In this example, we are going to use the [MNIST dataset](http://yann.lecun.com/exdb/mnist/) to train a [lenet-5](http://yann.lecun.com/exdb/lenet/) model, and visualize this training using jupyter and tensorboard.

In [5]:
import matplotlib
matplotlib.use('Agg')
%pylab inline

import datetime as dt
import tempfile

import sys
print(os.path.abspath(os.path.join('../neural_networks')))
sys.path.append(os.path.abspath(os.path.join('../neural_networks')))
from utils import get_mnist

from bigdl.nn.layer import *
from bigdl.nn.criterion import *
from bigdl.optim.optimizer import *
from bigdl.util.common import *
from bigdl.dataset.transformer import *
from bigdl.dataset import mnist
from matplotlib.pyplot import imshow
import matplotlib.pyplot as plt
from pyspark import SparkContext
from IPython.display import Markdown, display

sc=SparkContext.getOrCreate(conf=create_spark_conf().setMaster("local[4]").set("spark.driver.memory","2g"))

init_engine()

Populating the interactive namespace from numpy and matplotlib
/root/act/notebooks/neural_networks


## 1. Train the network

* prepare training and validation samples

Please edit the "mnist_path" accordingly.
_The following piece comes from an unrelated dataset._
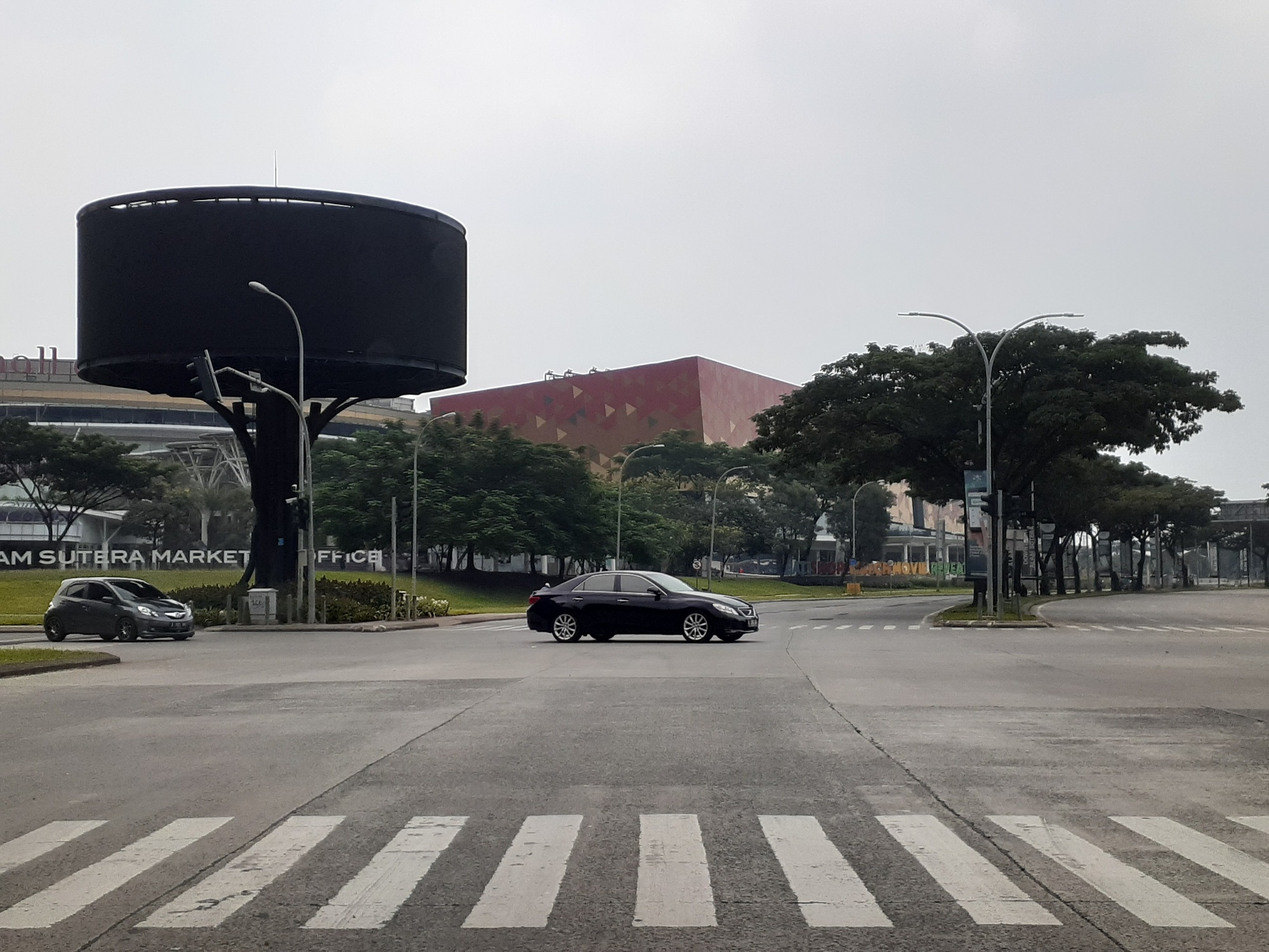 The intersection on Jalur Sutera Boulevard in front of the Alam Sutera Mall. The car in the middle is Toyota Mark X 250G (GRX130).

If the "mnist_path" directory does not consist of the mnist data, mnist.read_data_sets method will download the dataset directly to the directory.

In [None]:
# Get and store MNIST into RDD of Sample, please edit the "mnist_path" accordingly.
mnist_path = "/root/.keras/datasets/mnist"
(train_data, test_data) = get_mnist(sc, mnist_path)

print train_data.count()
print test_data.count()

('Extracting', '/root/.keras/datasets/mnist/train-images-idx3-ubyte.gz')
('Extracting', '/root/.keras/datasets/mnist/train-labels-idx1-ubyte.gz')
('Extracting', '/root/.keras/datasets/mnist/t10k-images-idx3-ubyte.gz')
('Extracting', '/root/.keras/datasets/mnist/t10k-labels-idx1-ubyte.gz')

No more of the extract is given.